ACTIVITY: In the material below, find the line containing "Figura 2: Fortalezas." and the line containing "Como pode-se observar", then reproduce exactly both of them and every line between, and nothing else.

EXERCISE DATA:
========================================
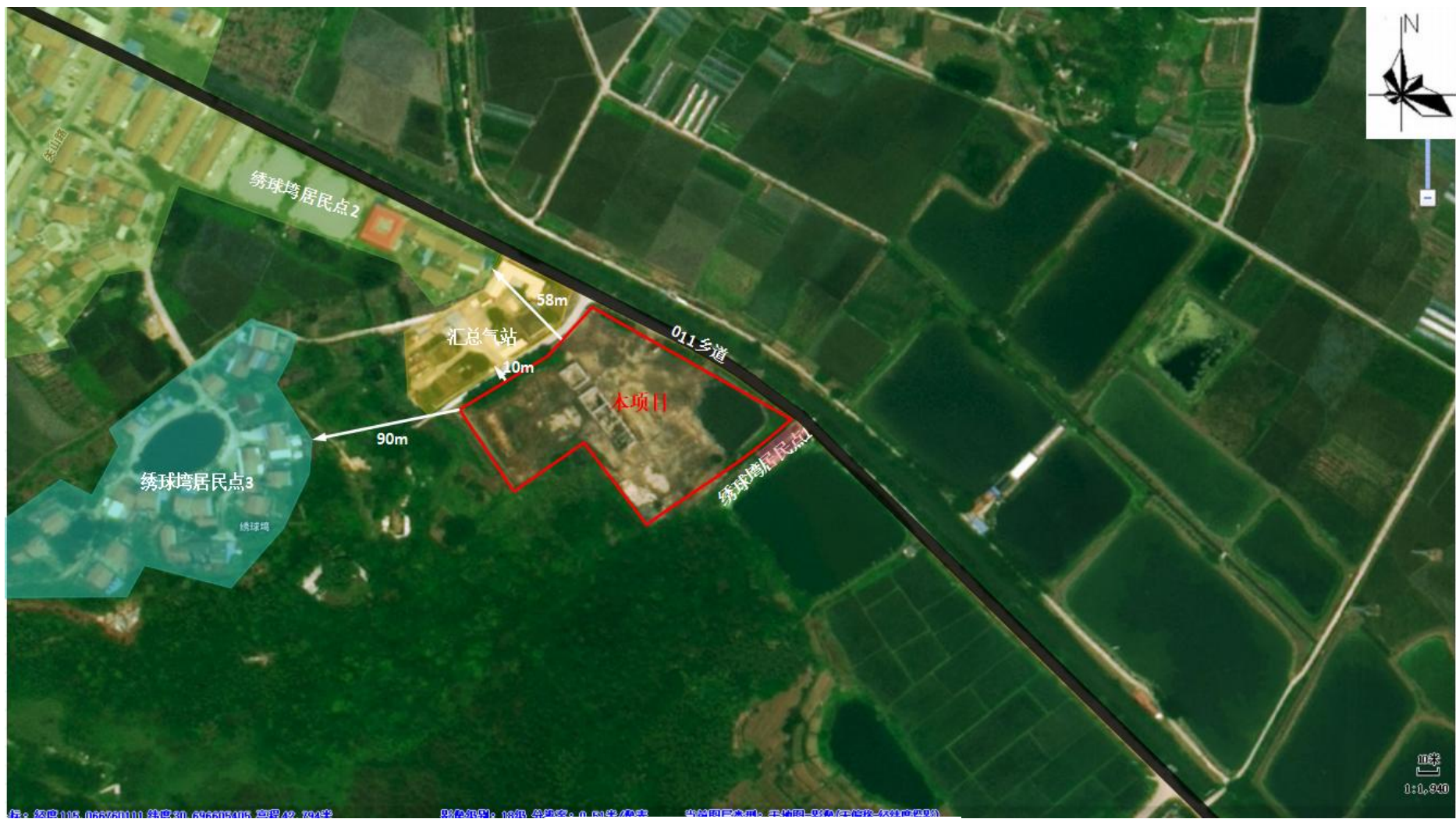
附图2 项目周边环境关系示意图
========================================
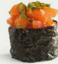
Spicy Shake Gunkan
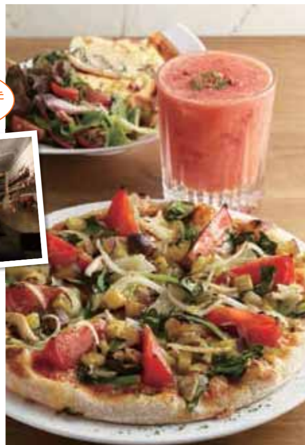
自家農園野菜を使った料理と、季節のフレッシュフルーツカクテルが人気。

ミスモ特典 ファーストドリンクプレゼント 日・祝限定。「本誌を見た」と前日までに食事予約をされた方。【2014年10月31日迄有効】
========================================
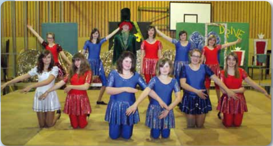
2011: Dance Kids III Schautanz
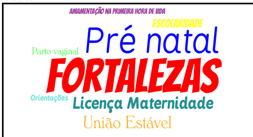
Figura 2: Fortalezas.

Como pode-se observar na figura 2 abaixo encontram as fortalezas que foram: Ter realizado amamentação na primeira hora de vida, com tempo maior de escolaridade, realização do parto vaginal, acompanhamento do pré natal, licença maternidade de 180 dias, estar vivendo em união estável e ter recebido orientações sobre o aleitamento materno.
========================================
SOLUTION TO THIS PROBLEM:
Figura 2: Fortalezas.

Como pode-se observar na figura 2 abaixo encontram as fortalezas que foram: Ter realizado amamentação na primeira hora de vida, com tempo maior de escolaridade, realização do parto vaginal, acompanhamento do pré natal, licença maternidade de 180 dias, estar vivendo em união estável e ter recebido orientações sobre o aleitamento materno.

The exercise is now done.